Required action =
The reply should be an exact repeat of the listing, with no pictures in it.

Given material =

+--

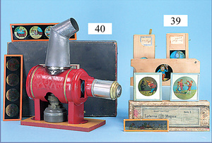 BING, Laterna Magica. Blech handlackiert, im Orig.-Kart., mit Brenner u. Schornstein, Linse gebrochen, dazu 1 gr. Anzahl von Glasbildern, im Orig.-Kart., bunt lithogr. Deckbild
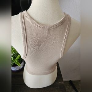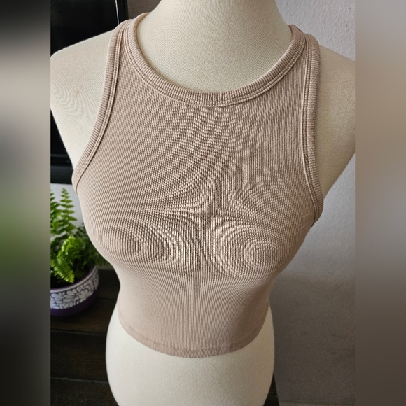 Stylish beige ribbed racerback tank top. Perfect for casual wear.
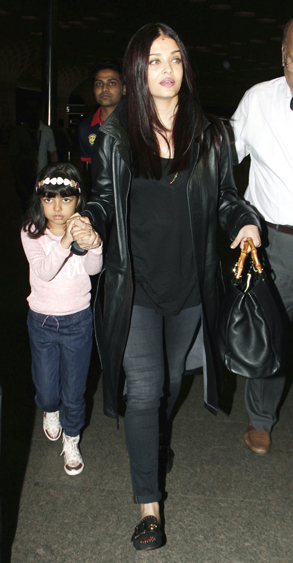 आप देख सकते हैं ऐश्वर्या इस ब्लैक ऑउटफिट में बिल्कुल अलग सी लग रही हैं। बता दें कि हाल ही में आराध्या मॉम और डैड के साथ लन्दन और न्यूयॉर्क घूमकर आई हैं। इस बीच पिछले दिनों यह पूरा परिवार इलाहाबाद में भी था।

+--

Answer space =
 BING, Laterna Magica. Blech handlackiert, im Orig.-Kart., mit Brenner u. Schornstein, Linse gebrochen, dazu 1 gr. Anzahl von Glasbildern, im Orig.-Kart., bunt lithogr. Deckbild
 Stylish beige ribbed racerback tank top. Perfect for casual wear.
 आप देख सकते हैं ऐश्वर्या इस ब्लैक ऑउटफिट में बिल्कुल अलग सी लग रही हैं। बता दें कि हाल ही में आराध्या मॉम और डैड के साथ लन्दन और न्यूयॉर्क घूमकर आई हैं। इस बीच पिछले दिनों यह पूरा परिवार इलाहाबाद में भी था।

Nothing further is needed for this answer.